During the last 2 decades, however, accumulating evidence has been supporting a non-apoptotic and non-inflammatory function of caspases in neurons, essential in processes that occur during the whole life of the organism, as dendritic pruning and synaptic plasticity. Overall, caspases emerge as decisive in every structural change of the nervous system beyond apoptosis, starting from development, remodeling, and finally degeneration (D’Amelio et al., 2011; Hyman, 2011; Unsain et al., 2013; Mukherjee and Williams, 2017).

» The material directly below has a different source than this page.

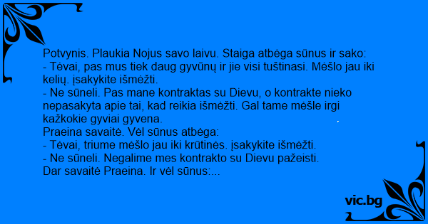 - Gerai sūneli, kad toks jau reikalas. Pas mus žinoma kontraktas, bet sąlygose parašyta, kad gyvūnus turime pristatyti gyvus į Ararato kalną ir todėl negalime leisti, kad laivas nuskęstų. Mesk visą mėšlą už borto.

In the non-apoptotic processes as pruning it has been shown that while active caspases are found in degenerating axons, the cell bodies remain viable (Williams et al., 2006; Simon et al., 2016). To allow neuronal survival, caspase activation is required to be transient and localized to specific cell compartments, such as neurites during pruning upon nerve growth factor (NGF) deprivation or nerve injury (Simon et al., 2012; Unsain et al., 2013; Yang et al., 2013), or synapses during plasticity processes (Hollville and Deshmukh, 2018). Different levels of control can limit caspase to sublethal activation conditions, such as specific and a rapid turnover of proteins that modulate caspase activation (Jiao and Li, 2011; Simon et al., 2016).

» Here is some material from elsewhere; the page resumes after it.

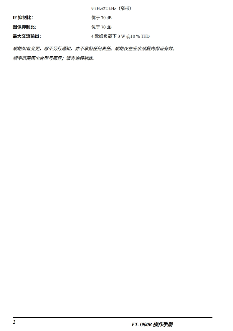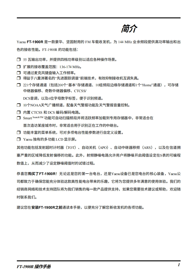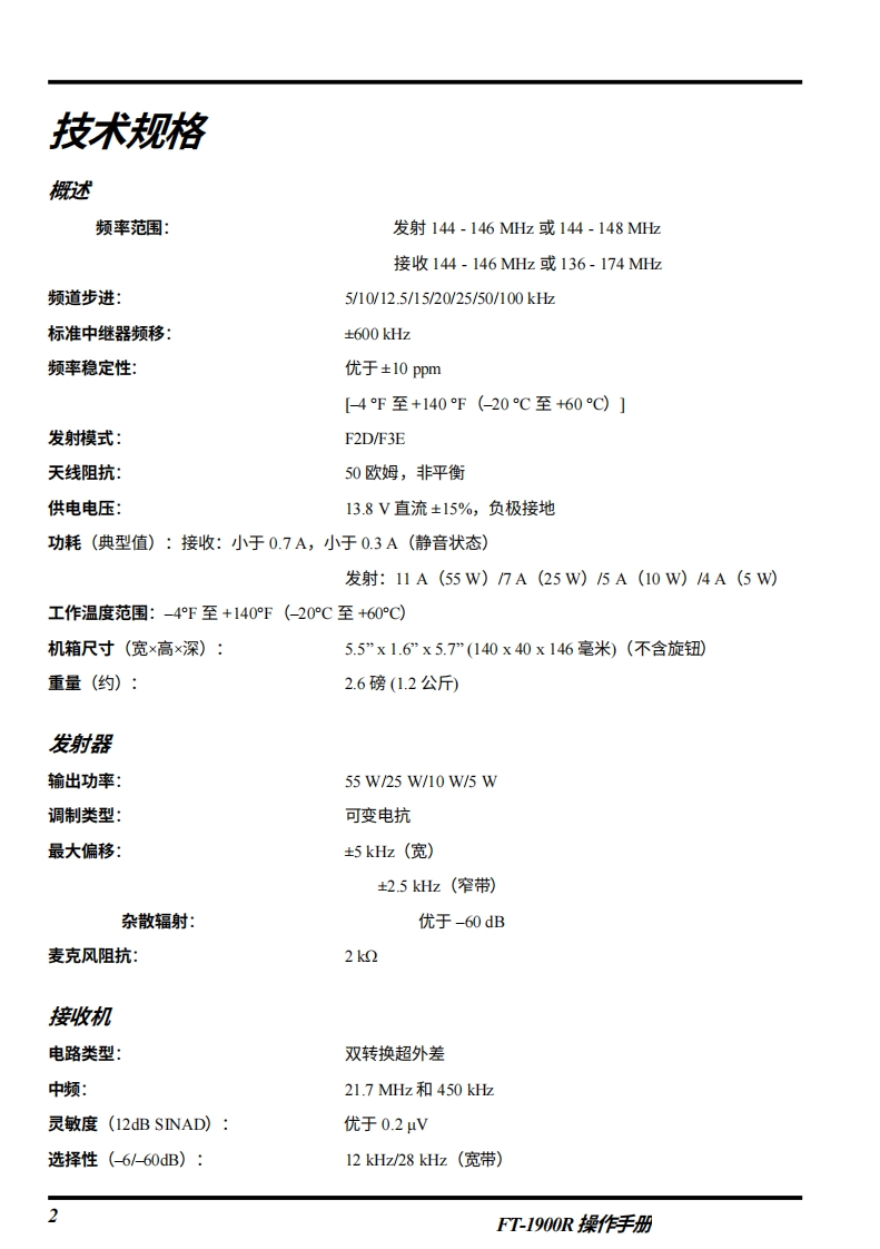 YAESU八重洲FT-1900R_操作说明书手册-中文版找手册网12天前发布关注私信3.89MB104页034YAESU八重洲FT-1900R_操作说明书手册-中文版此内容为付费资源,请付费后查看¥19¥21黄金会员免费钻石会员免费登录购买付费资源 第1页 / 共104页 第2页 / 共104页 第3页 / 共104页 第4页 / 共104页 第5页 / 共104页 第6页 / 共104页 第7页 / 共104页 第8页 / 共104页 第9页 / 共104页 第10页 / 共104页 试读已结束,还剩94页,您可下载完整版后进行离线阅读 THE END八重洲 文本预览 YAESUThe radioFM收发机FT-1900R操作手册阳合四品m155项7199八重洲无线电株式会社天王洲怕克赛德大厦140-0002日本东京都品川川区东品川2-58YAESU USA美国加利福尼亚州赛普里斯市菲利斯大道6125号,邮编90630八重洲英国英国汉普郡温彻斯特温纳尔克洛斯太阳谷商业园12单元,邮编S023OLB八重洲香港香港九龙观塘崇业街9号20楼2002室 查看更多 收起部分 喜欢就支持一下吧收藏

Here we will review FAIM-L and SIVA-1, two proteins involved in the complex molecular interplay that regulates caspase activation which our group has shown to be functional antagonists on caspase-activation and consequent functions in neurons.

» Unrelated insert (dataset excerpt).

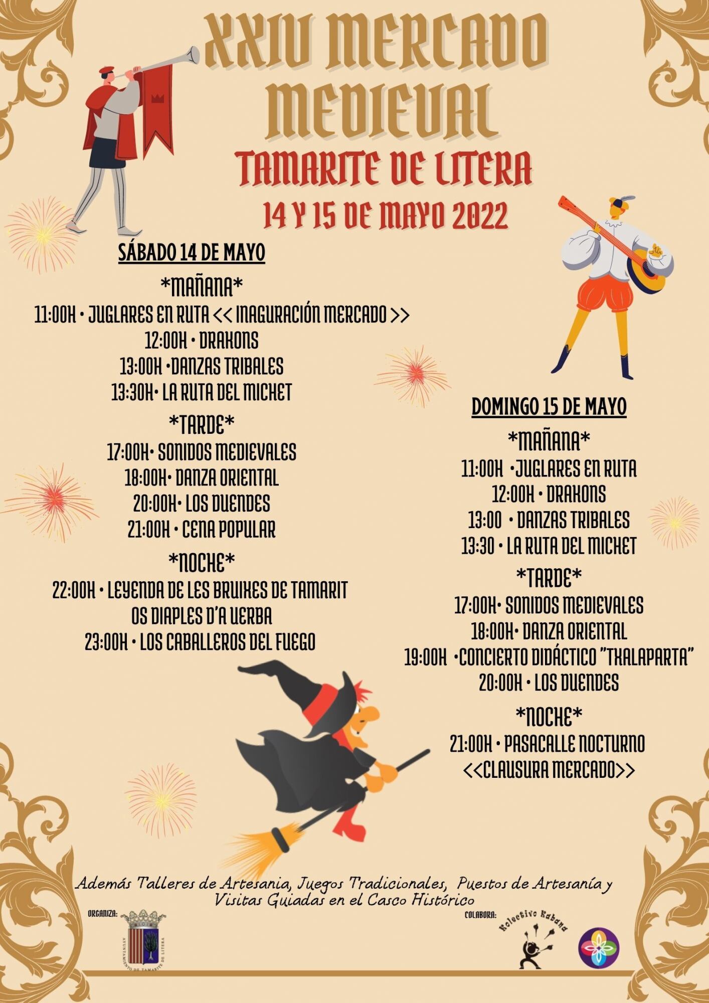 El programa que proponen el Ayuntamiento de Tamarite de Litera, que organiza el mercado, y el Kolectivo Kabana, colaborador principal del evento, cuenta con más de dieciocho actividades culturales y lúdicas a lo largo de los dos días que dura el Mercado Medieval. Los platos más fuertes de esta edición lo componen el espectáculo ”Leyenda de las Bruxas de Tamarite”, a cargo del grupo Os Diaples d'a Uerba, que amenizará la noche del sábado 14 con su representación teatral salpicada con artificios pirotécnicos de baja intensidad, pero de gran efecto visual, manejados por los ‘diaples’, las brujas -jugando con sus bestias- y animados por los músicos en directo con ritmos tradicionales aragoneses y de otras culturas, así como fusionados con otros instrumentos. Esta actuación tendrá lugar a las 22.00 horas, después de la cena popular (21.00 horas) a la que invita el Kolectivo Kabana en el contexto del mercado.

FAIM-L and SIVA-1 as Components of the Classic Apoptotic Pathway
The first Fas apoptotic Inhibitory Molecule gene product, FAIM-short (FAIM-S), was identified as a death receptor (DR) inhibitor in immune cells (Schneider et al., 1999). Few years later, a neuronal-specific isoform, FAIM-long (FAIM-L) was described (Zhong et al., 2001). FAIM-S is ubiquitously expressed and is capable of inducing resistance to Fas-mediated cell death in several cell types (Schneider et al., 1999; Sole et al., 2004; Kaku and Rothstein, 2010). Remarkably, in neurons, FAIM-S does not directly protect from DR-induced apoptosis, but it has a role in promoting NGF-dependent neuronal differentiation and branching through activation of ERK and NF-κB pathways (Sole et al., 2004). FAIM-L on the other hand, is expressed exclusively in neurons and differs from FAIM-S by the inclusion of the neuronal exon 2b, which codifies for 22 aa located at the N-Term of the protein (Segura et al., 2007; Coccia et al., 2017). Our group has focused on elucidating FAIM-L mechanism of action, and over the years we have been able to describe part of its relevance in neurons.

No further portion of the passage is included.